The relation between oxidative stress and inflammatory reactions has also been studied in several infectious diseases in pigs such as pneumonia, enteritis, and sepsis (8). In this study, associations between salivary oxidative stress and immune markers were observed; however, those associations varied with the pathological condition analyzed. Additionally, oxidative stress could be generated by immune activation, physical exercise, or stress (67), and stressors can enhance oxidative stress reactions (7). Accordingly, in our study, we have also shown associations between the psychological stress and oxidative stress markers.

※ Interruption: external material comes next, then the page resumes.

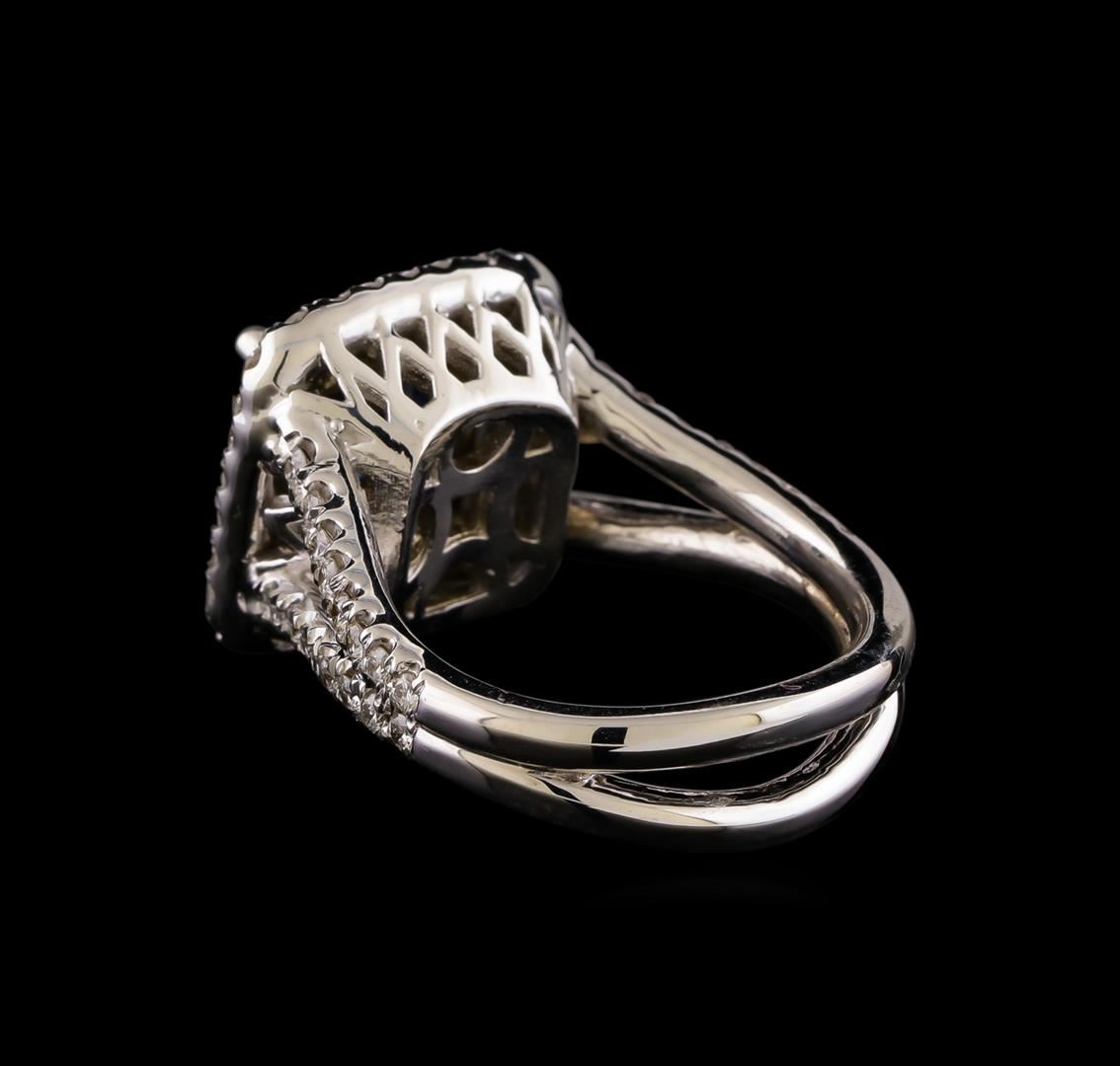 One electronically tested 14KT white gold ladies combination cast & assembled sapphire and diamond ring with a bright polish finish. Condition is new. Containing: One prong set square cushion modified brilliant cut natural blue sapphire, measuring 7.63 x 7.58 x 5.00mm, approximate weight of 2.72ct., clarity is eye clean, type II, medium dark, moderately strong, blue color, (GIA B 6/4), cut is good. Eighty prong set round brilliant cut diamonds, measuring 1.50 - 1.50 x 0.90mm (depth est.) approximate total weight of 80 Stones = 0.98ct. Clarity: SI-2 to I-1. Color: I - J, Cut is Good. Colored gemstones are presumed to have been subjected to commonly used enhancement processes. All diamonds and colored gemstones are graded in the mounting, unless otherwise stated. Total Weight of Colored Stones 2.72ct. Total Weight of Diamonds 0.98ct. Total Weight of Ring 11.40 grams. GGL Appraised.

Nevertheless, a more practical purpose of the study was to monitor the behavior of all the selected biomarkers in the different pathological conditions to search for analytical patterns that could discriminate between disease conditions. Using the complete set of salivary biomarkers, our preliminary PCA analysis could differentiate all the pathological conditions studied from the group of healthy pigs. The distance between the group of pigs with lameness, rectal prolapse, and dyspnea from the healthy condition was evident. Nevertheless, distances between some diseases, specifically tail-biting lesions and diarrhea, should be higher for optimal clinical applications. Therefore, further studies with larger number of animals or even additional biomarkers should be performed to increase the proportion of variance explained by the analysis.

These preliminary results demonstrate a great potential for salivary analytics to be further exploited for disease characterization using machine learning methods. However, some additional studies should be performed to improve the diagnostic utility of the salivary clinical data in near future.

In conclusion, an analytical connection between immune system and stress has been identified with variations between porcine diseases. The study of the behavior of a panel of biomarkers of innate and adaptive immune response and psychological and oxidative stress status have allowed us to have a first porcine disease differentiation approach. At a practical level, the findings should be explored in a larger number of animals for successfully discriminating between pathological conditions in pigs using salivary analytics. This approach could be used to monitor health and welfare in pig production for the early diagnosis and the prevention of welfare and health problems.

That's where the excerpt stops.